Chamberlain acknowledges real change won’t come from a new building alone. The human problems of corruption and leadership  need to be dealt with as well. “We will not tolerate corrupt police,” she says, adding she wants to acquire more experienced leadership for the officers in the police station.

Even with the larger police presence, crime continues to plague Esterillos Oeste. But Chamberlain continues to stay positive.

“The storm does not last forever” she says. “There is an equal balance between the sun and the storm. The sun will come out.”

Even at 75, and after having her cancerous thyroid removed, she has a twinkle in her eye and a hop in her step that many 30-year-olds might envy.

Chamberlain credits her father for her vigor. “My dad taught me something was I was very young,” she says. “You always put more life into your years than years into your life.”
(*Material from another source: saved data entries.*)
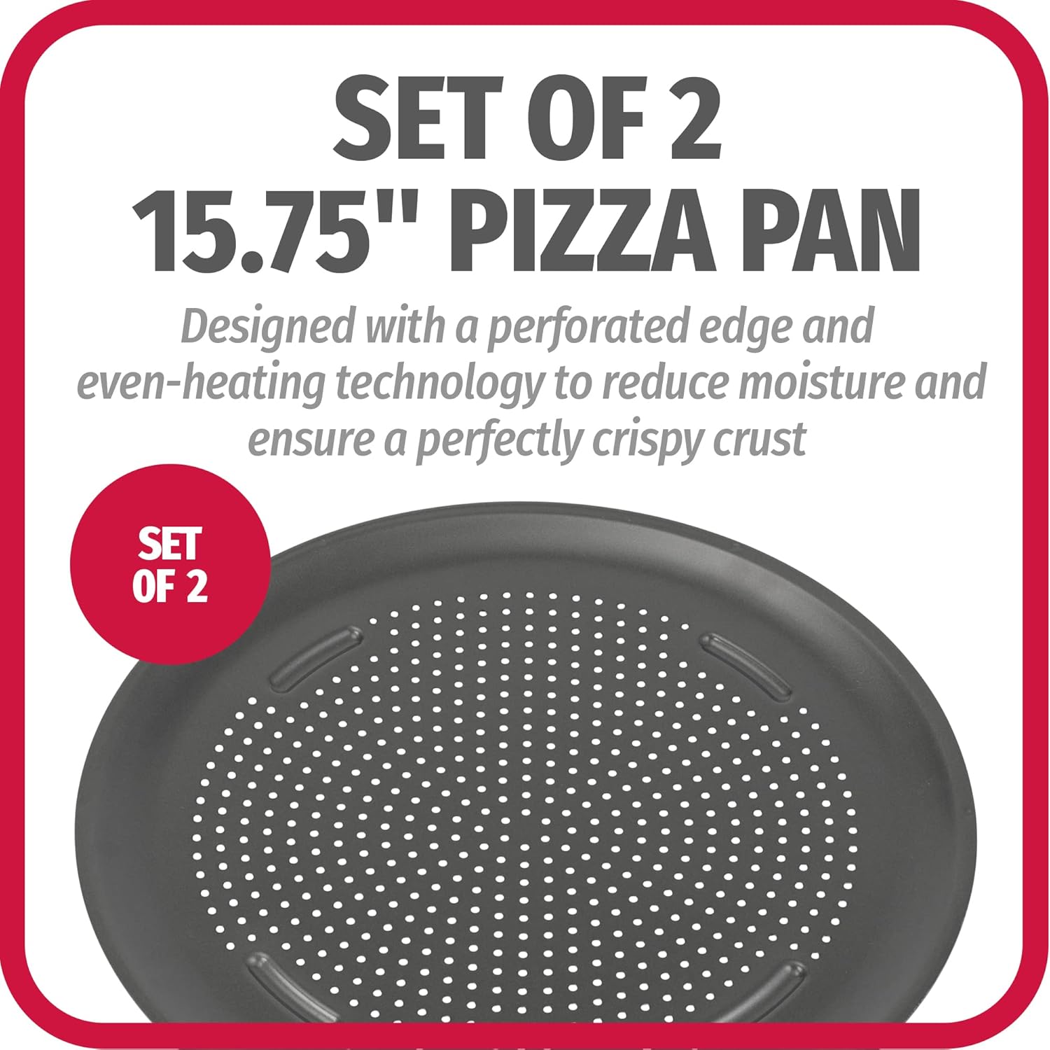 - SET OF TWO 15.75" NONSTICK PIZZA PANS: Air-insulated and perforated to reduce moisture while baking frozen or homemade pizzas or heating up leftover slices to promote a crispier crust for a fresh taste
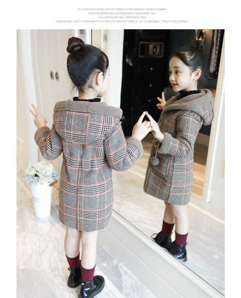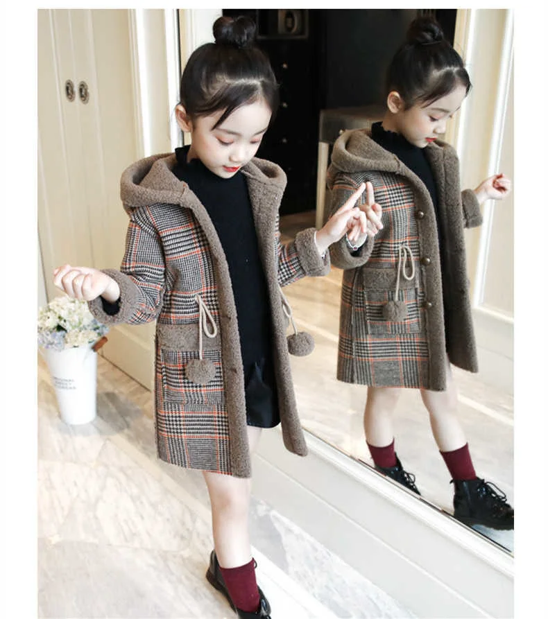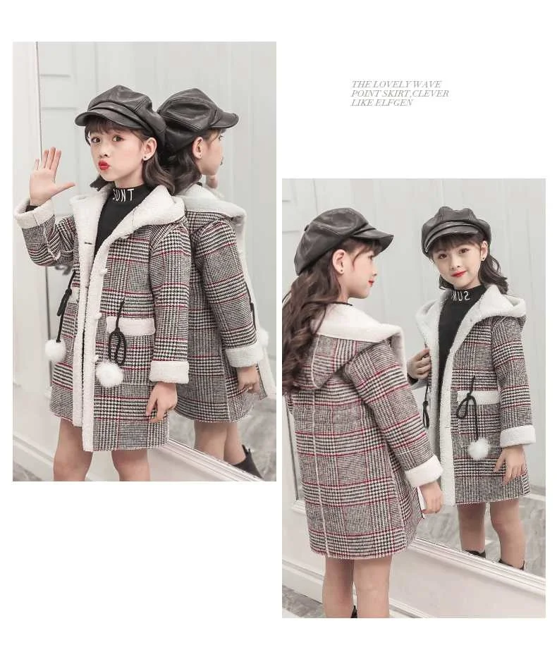 Autunno Inverno Ragazze Cappotto peloso Design alla moda Cappotto lungo per ragazze Capispalla per bambini Modello a griglia Giacca invernale calda Cappotti 4-12T
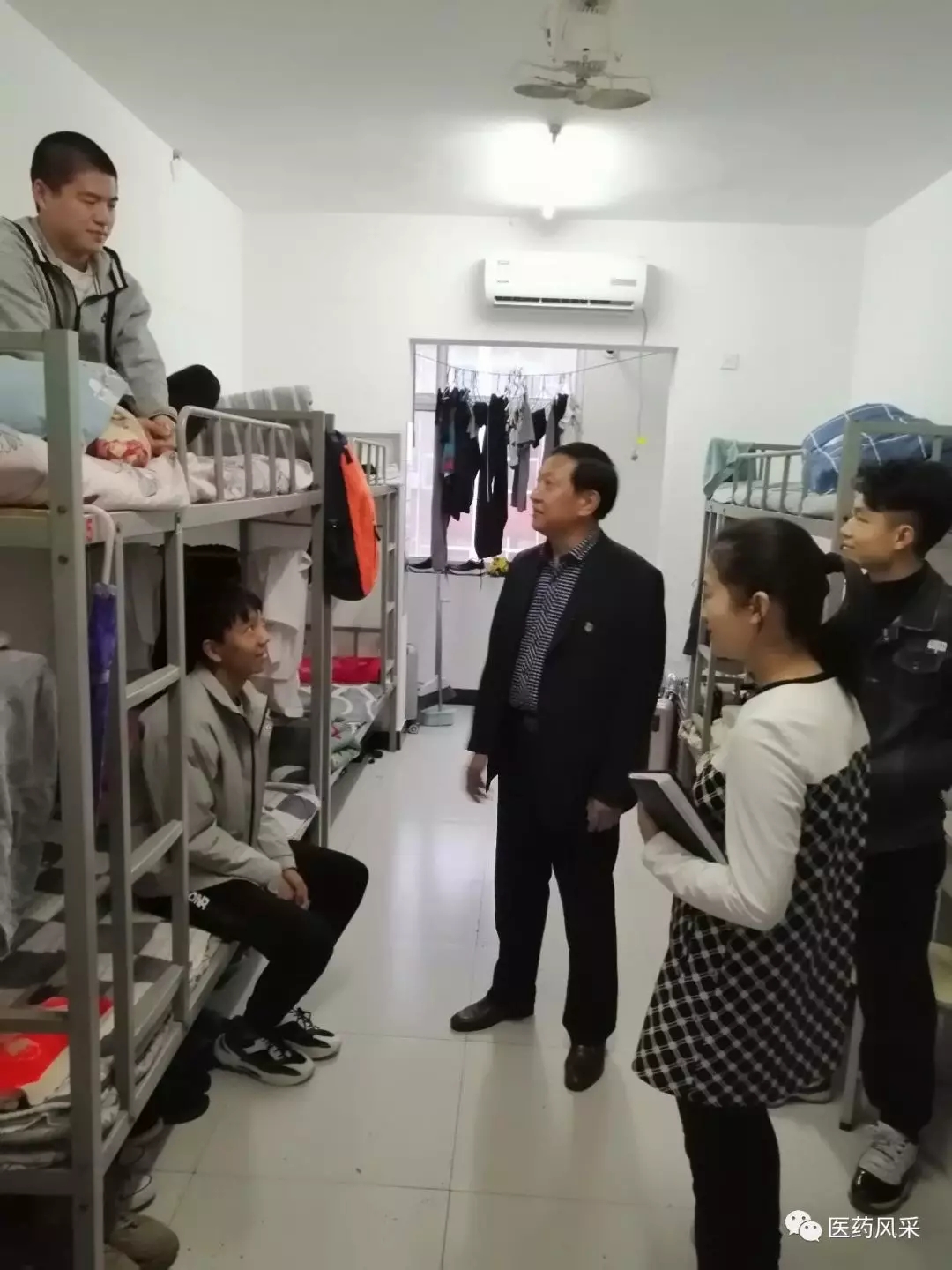 在员工宿舍,韩书记详细询问了学习生活情况:“上课学习内容能不能跟上”,“老员工活能不能适应”,“晚上休息情况怎么样”,“对公司食堂的饭菜满意不满意”“天凉了多穿点衣服”“好好照顾自己”“有什么困难就找辅导员”……暖心的问候和贴心的交谈让员工倍感亲切,同学们非常感谢老师的关心,反映了他们的思想、学习和生活情况,韩书记和梁书记对员工关心和反映的一些问题进行了耐心的解释和答复。
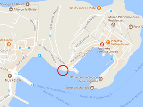Wir sind mit dem ersten Tenderboot (8.15 Uhr oder 8.30 Uhr) mitgefahren, da war an der Anlegestelle noch nichts los. Wir hatten einen Mietwagen in der Viale Elba (in der Karte oben die große Straße am linken unteren Bildrand). Dort sind auch die Inselbusse abgefahren, und ich nehme an, wenn, dann wird man dort ein Gefährt finden. Links immer am Wasser entlanglaufen zur Viale Elba, das ist eigentlich nicht zu verfehlen.
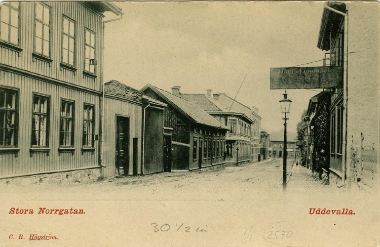 Tryckt text på vykortets framsida: "Stora Norrgatan. Uddevalla."
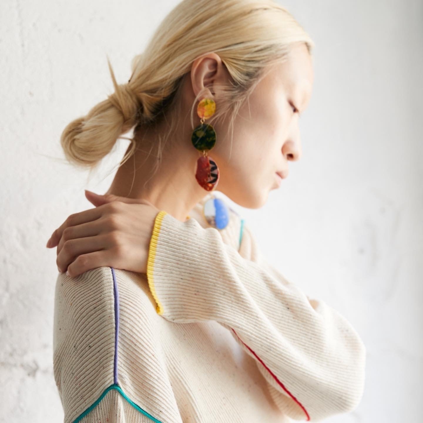 ファッション・アート・サステナブルを軸としたブランド”Atelier M/A(アトリエ・エムエ イ)”では、服づくりの工程で生まれるはぎれや糸くずにも美しさや多様性を見い出し、現代ア ート的なアプローチでファッションに落とし込む試みを続けている。あたりまえを疑い、「人工と自然」「過去と未来」など相反する要素をテーマに実験的な試みを行い、リサイクル素材 を遊びごころあふれるアイテムに昇華している。
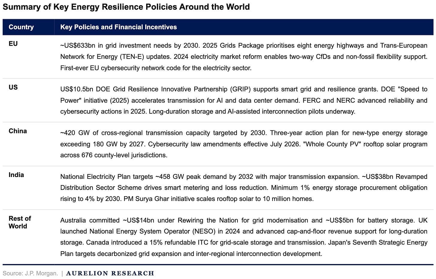As the table shows, the policy tools vary by country, but the broader direction is consistent. Grid modernization is receiving more support, resilience is becoming a bigger priority, and network investment is increasingly being treated as a central part of the energy transition.
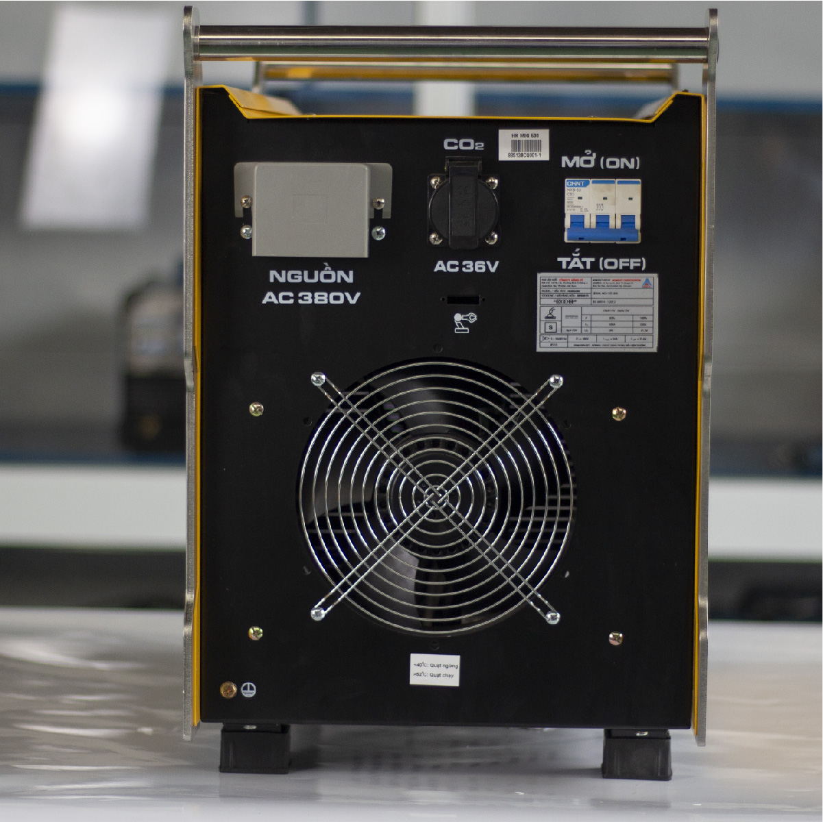 Máy có trọng lượng 45kg, được bao bọc bởi lớp sơn tĩnh điện màu vàng. Khác với các máy hàn truyền thống chỉ có 1 tay xách, HK MIG 500 trang bị 2 tay xách được làm bằng inox rất chắc chắn, giúp người dùng mang vác di chuyển dễ dàng.
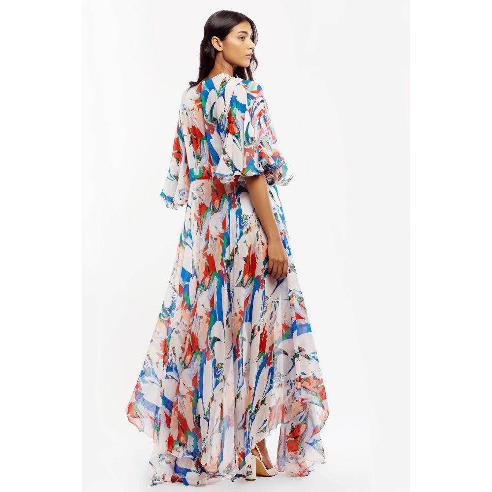 MANDIRA WIRK Lycra Printed Two Piece Bikini with Chiffon Cape Ivory & Blue (Set of 3)
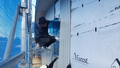 「simple life」の現場ではいよいよ外部の仕上げ工事が行われました。
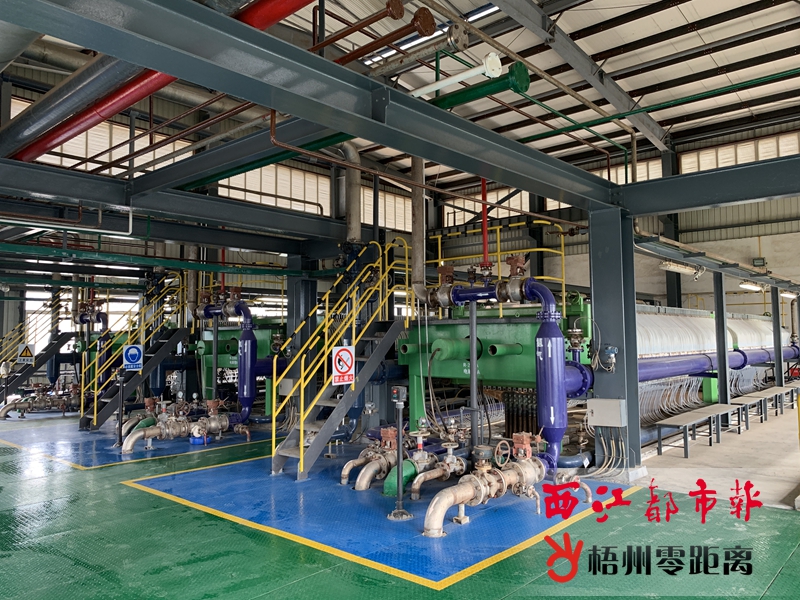 位于萬秀區(qū)塘源片區(qū)的梧州市聯(lián)溢化工有限公司燒堿生產(chǎn)車間的離子膜電解槽生產(chǎn)線采用了當(dāng)下國內(nèi)先進技術(shù),年產(chǎn)離子膜燒堿達7.5萬噸(攝于6月21日)。

Along with the ongoing school and police projects, Chamberlain is raising money for new lifeguard stands at Esterillos beach, working with local environmental officials to address illegal water diversion, and raising support to protect shark and lobster populations up and down the beach.

“Everyone counts,” she says. “We are all grains of sand on a beach, and each one is important because it forms the whole.”